I'd be interested to hear from @Buchan on this. Google tells me there's no published withdrawal period for meat with this drug, as it's not licenced/intended for livestock. Apparently similar drugs have fairly short withdrawal times 🤷🏻‍♂️
 
I shot a roe buck that had a broken front leg. When I examined it I found a tag in it's ear with do not eat and a telephone no. On further examination I found scars on the hind quarters from a previous injury. I decided to ring the telephone number on the tag and got through to the R.S.P.C.A at Kings Lynn, they checked their records and it had been brought into them over a year previous and when recovered it had been released locally to them. Where I dispatched it was over 40 miles as the crow flies from where it was released. The poor deer had a hard life but travelled a long way. I did not put the carcase into the food chain.
 
There is no maximum residue level (MRL) for medetomidine so the sedated deer should not enter the food chain. It isnt a drug usually used in food producing animals so determining a MRL will never be done as it makes no commercial sense. The use of the drug is therefore off license and so you are correct a not for human consumption tag should have been applied.
 
To add to Selous' comment, medetomidine is an alpha-2 agonist, and other similar drugs (detomidine, xylazine) are listed in the EU 37/2010 as not needing an MRL, so they can be used, but not medetomidine.
To reassure anyone who might by chance eat it, the drug is very rapidly eliminated from the body - within days - and there is a human version of the drug in use in intensive care units. So it would be safe to eat.
 
I have a colleague who volunteers for this bunch. He’s been told several times to take “rescued” deer that don’t make it off to the woods to dump 🤦🏼‍♂️ I have made him aware of the rules regarding fly tipping biohazardous waste but, as with all well intentioned ideological extremists he’s so convinced of his moral high ground it just bounces off.

To be honest I hope they get nicked.
 
Still with this topic, just had the following reply back from the VMD (Veterinary Medicines Directorate) which reinforces what others have said.

Thank you for your email.

Medetomidine is not authorised for use in food-producing animals, including deer, so there is no data on the product’s residual effect on these animals. In addition, no assessment of the situation you’ve outlined could be made without knowing the dose administered, the animal’s weight, and whether it has any conditions that might affect the metabolism of the product.
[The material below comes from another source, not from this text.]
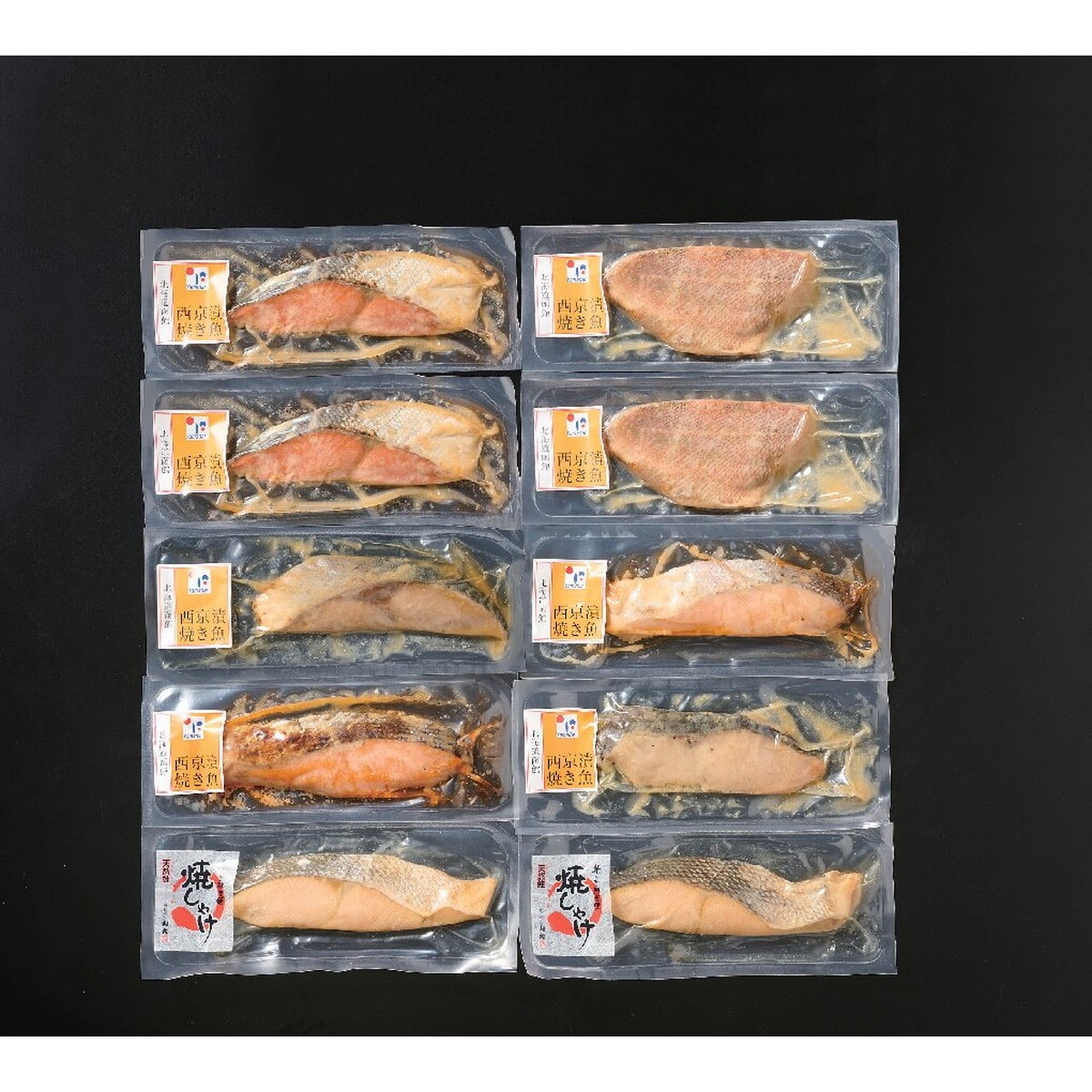 ●数量・内容:西京漬焼魚(紅鮭・赤魚50g×各2、ぶり・トラウトサーモン・銀鮭・銀鱈各50g)、焼鮭50g×2

If Medetomidine is administered to a food-producing animal, the animal must be permanently excluded from the human food chain by means of a permanent identification such as a tamper-proof ear tag.

To report concerns about the animal in question you may want to contact customeradvice@apha.gov.uk for further guidance.

Regards,

Catherine

Veterinary Medicines Directorate
 
I did reply back to the VMD asking if that's it then? No corrective action or advice into the vet in question? I requested, who enforces governance when there has been a breach in procedure, I'm not expecting a reply🙄
 
I have never darted a wild deer and not euthanised it. In my experience, if you can get close enough to dart a wild deer, knowing that it cannot bugger off once darted and not be found, it is very severely compromised.
With captive deer, wherever that may be, as well as Eat Not tagging, I remove top tip of the ear so there is a permanent marker that the deer has had anaesthetic. The deer is photographed and the drugs used info is recorded by park/farm/zoo. This is common practice in UK and European Zoos.
Tags fall off regularly.
 
I have a colleague who volunteers for this bunch. He’s been told several times to take “rescued” deer that don’t make it off to the woods to dump 🤦🏼‍♂️ I have made him aware of the rules regarding fly tipping biohazardous waste but, as with all well intentioned ideological extremists he’s so convinced of his moral high ground it just bounces off.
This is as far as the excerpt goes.